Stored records
== Segment start ==

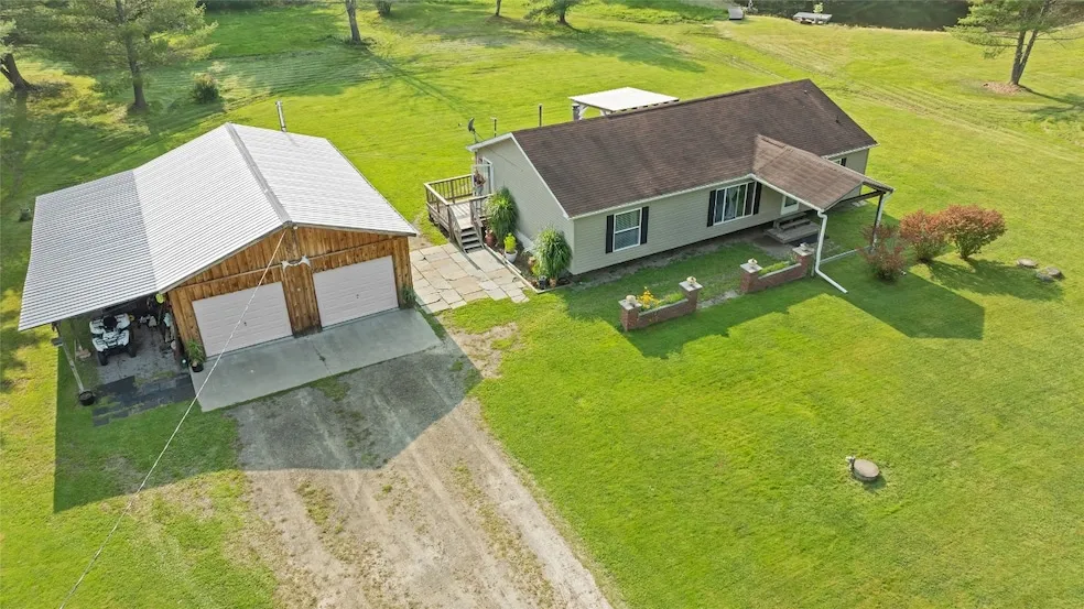 Welcome to your Private Country Retreat. 24 acres on a dead end town maintained road with a 3 Bedroom 2 Full Bath home on a full foundation. Large open concept Living, Dining and Kitchen, Primary Bedroom with Bathroom and a Large walk-in closet, 2 more bedrooms and a full bath on the other side of the home, Large Laundry area with an entrance off the side deck. The finished basement offers a large family room with a pellet stove, Office area and a Utility Room with an outside entrance. Outside you will find a back covered deck accessed through the Dining Room sliders, Oversized 24x32 Garage with a 10x32 Lean to, Whole house Generator System, your own pond for swimming or fishing (Sunnys, Walleyes, Bass), Firepit area, and 24 acres for hunting, 4-wheeling or just enjoying nature. This home is move in ready. Drone tour of the property
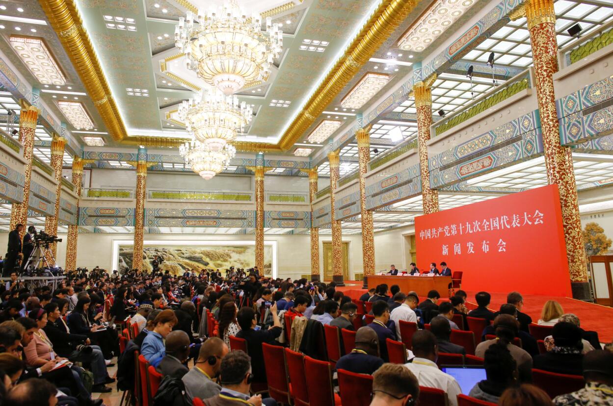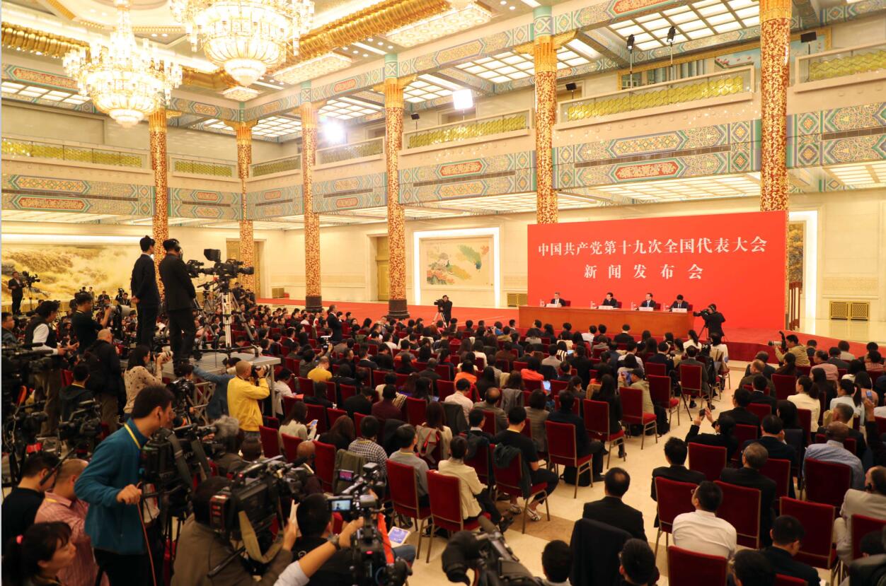 昨日下午,中共十九大新闻发布会在人民大会堂三楼金色大厅举行。中新社
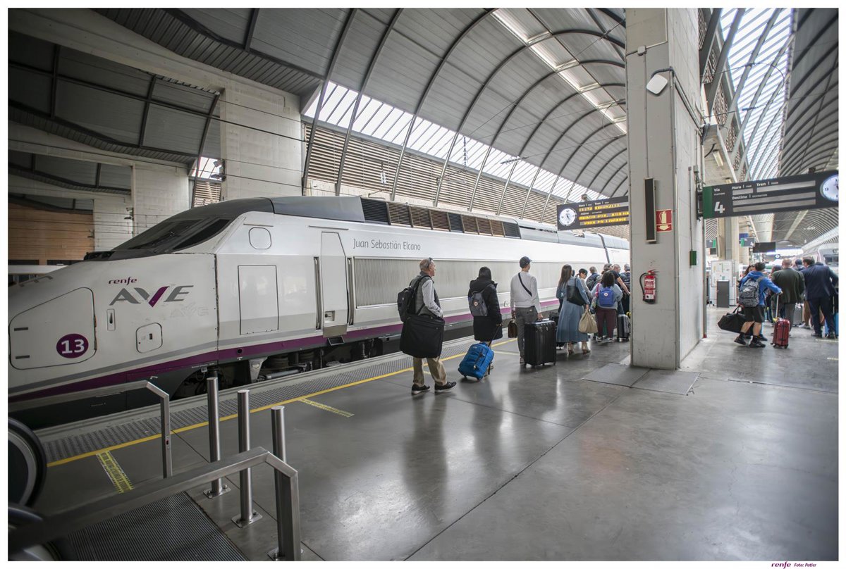 Archivo - Viajeros en una estación de tren. - RENFE - Archivo
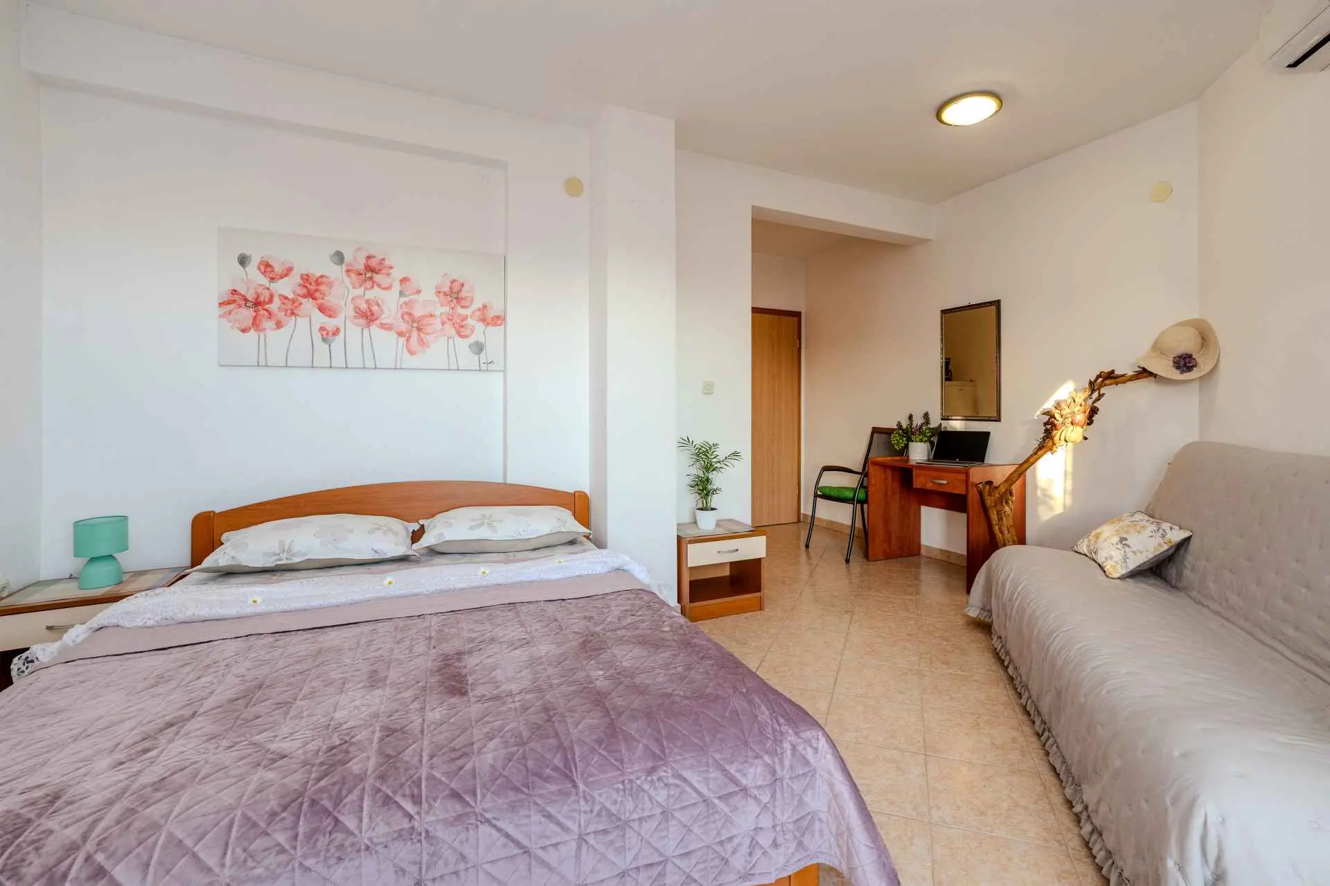 V samém centru Dalmácie a na pobřeží Jaderského moře se nachází krásné město Pakoštane. Nachází se mezi Jaderským mořem a Vranským jezerem, které se vyznačuje bohatým přírodním dědictvím. Krásné písečné pláže, ostrůvky a zátoky jsou to, co dělá z tohoto místa obzvláště atraktivní destinaci. Stejně tak naše tradice, projevy a dalmatské speciality nechávají každého hosta vydechnout. Nabízíme Vám příjemné a klidné ubytování, které je 300m od moře. Půjčovna elektrokol, se kterými můžete projet Vranské jezero a další místa a krajinu. Mezi dalmatské speciality v nabídce patří extra panenský olivový olej, stejně jako četné druhy likérů a krátkých alkoholických nápojů. Naše pohostinnost potěší mnoho hostů, kteří si vše pamatují a rozhodnou se znovu vrátit. Poznámky: Všechny vzdálenosti jsou měřeny v leteckých metrech, televize nejsou tak, jak je na obrázku z důvodu renovací a změn, které budou probíhat od příštího roku (2025)!
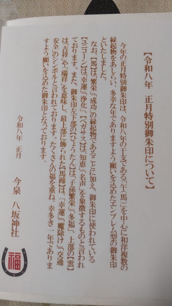 この正月限定特別御朱印をいただきたくて伺いました。幸運・成功・魔よけ・交通安全と全てがつまっていて最強の御朱印です。 (訪問:2026/01/18)
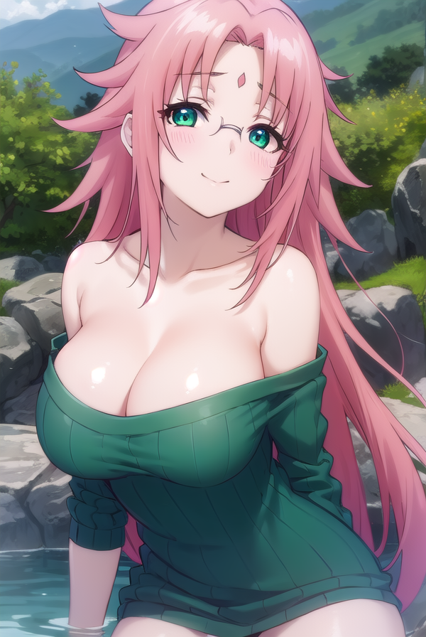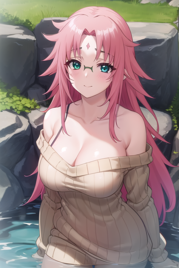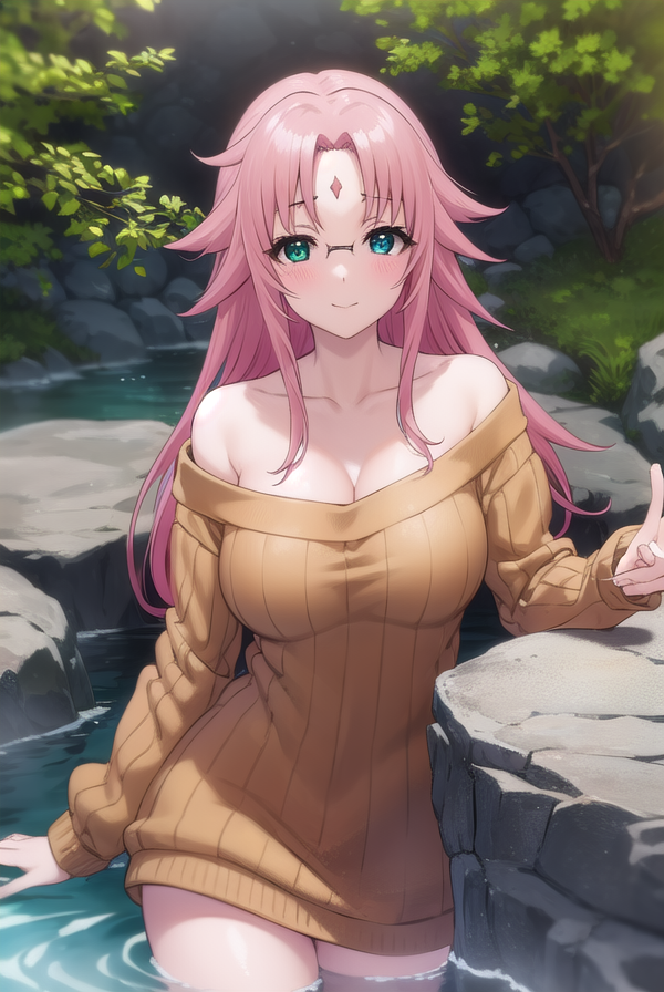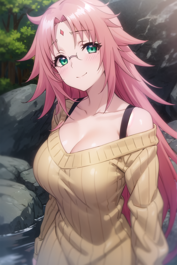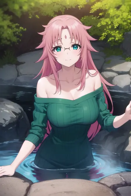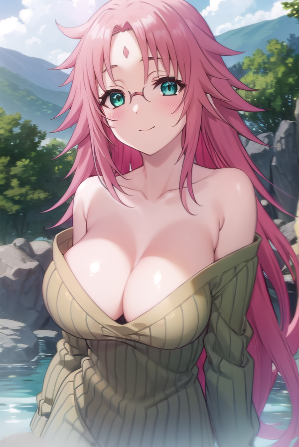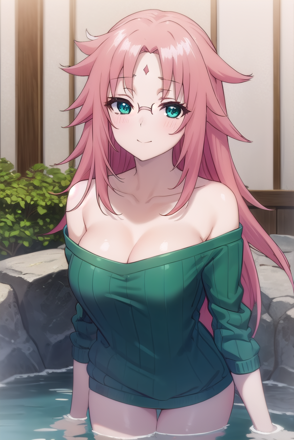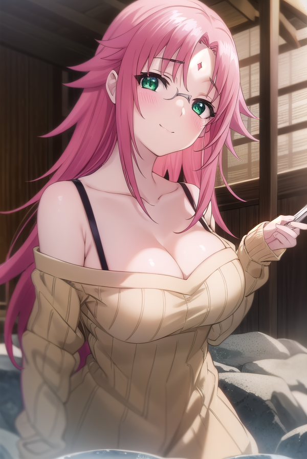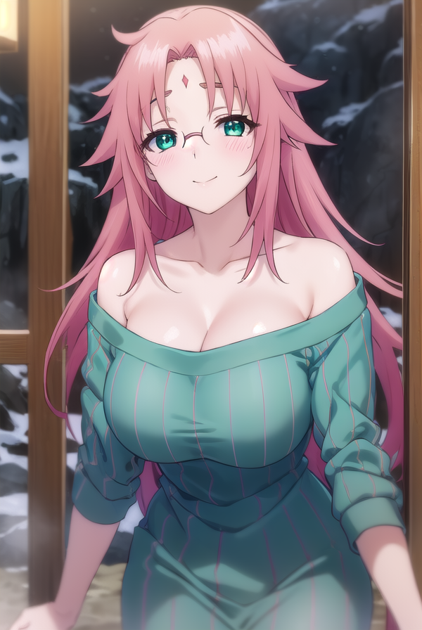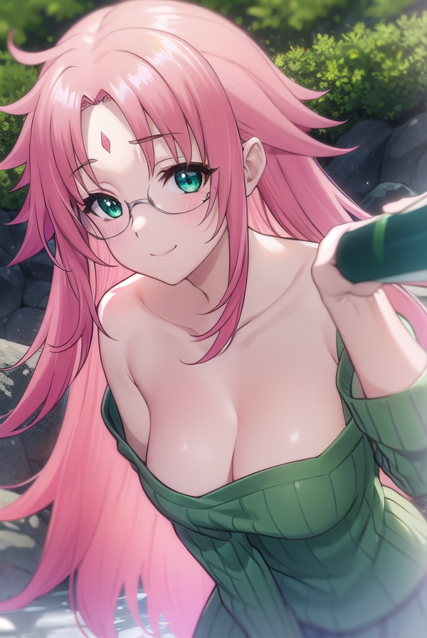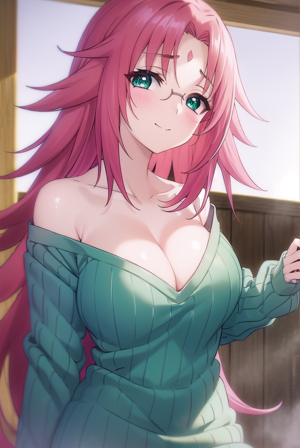 nonko arahabaki, long hair, (green eyes:1.3), pink hair, glasses, (parted bangs:1.5), facial mark, forehead mark,
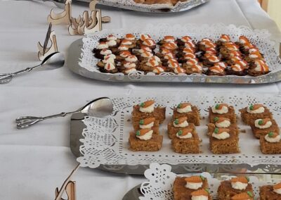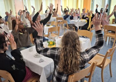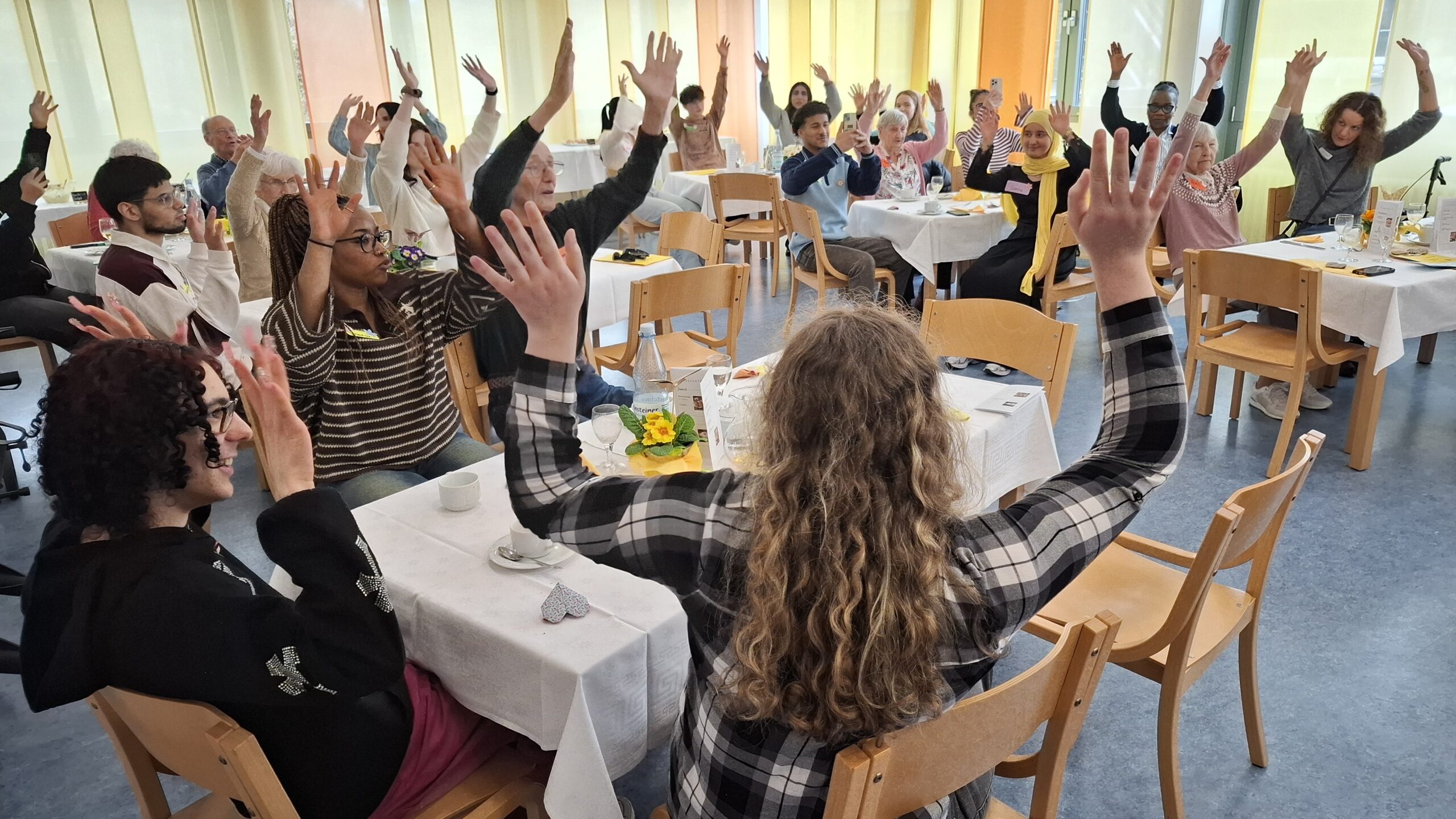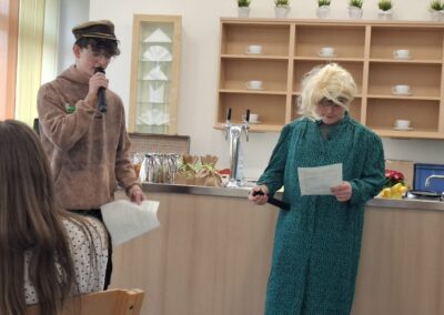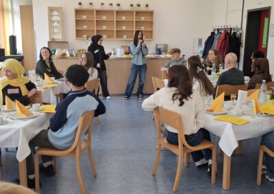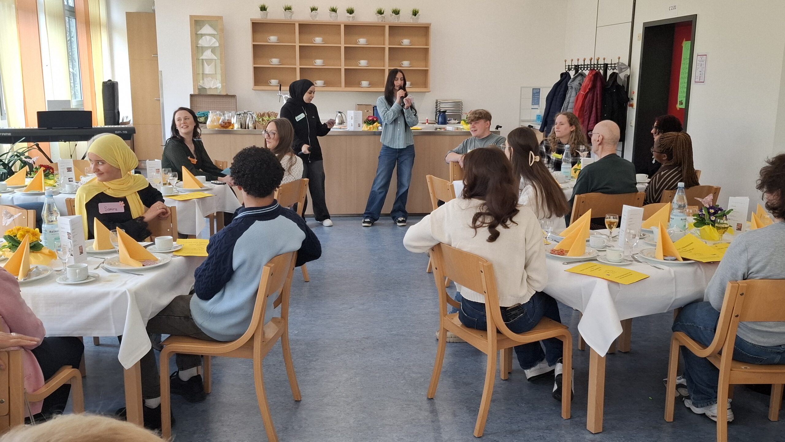 Mit viel Engagement hatten die Schülerinnen und Schüler ein abwechslungsreiches Programm auf die Beine gestellt. Ein liebevoll vorbereitetes Buffet mit Speisen, die zuvor im Unterricht zubereitet worden waren, sorgte für kulinarische Highlights. Darüber hinaus brachten Spiele, ein unterhaltsamer Sketch sowie ein kleines Theaterstück die Gäste zum Lachen und Mitmachen. Gemeinsame Lieder rundeten die Veranstaltung stimmungsvoll ab.

== Segment end ==

» **Task to carry out**
Starting at the line that contains "nonko arahabaki, long", write out every line through the end of the entries, both ends included, without any pictures.

» **Answer space**
 nonko arahabaki, long hair, (green eyes:1.3), pink hair, glasses, (parted bangs:1.5), facial mark, forehead mark,
 Mit viel Engagement hatten die Schülerinnen und Schüler ein abwechslungsreiches Programm auf die Beine gestellt. Ein liebevoll vorbereitetes Buffet mit Speisen, die zuvor im Unterricht zubereitet worden waren, sorgte für kulinarische Highlights. Darüber hinaus brachten Spiele, ein unterhaltsamer Sketch sowie ein kleines Theaterstück die Gäste zum Lachen und Mitmachen. Gemeinsame Lieder rundeten die Veranstaltung stimmungsvoll ab.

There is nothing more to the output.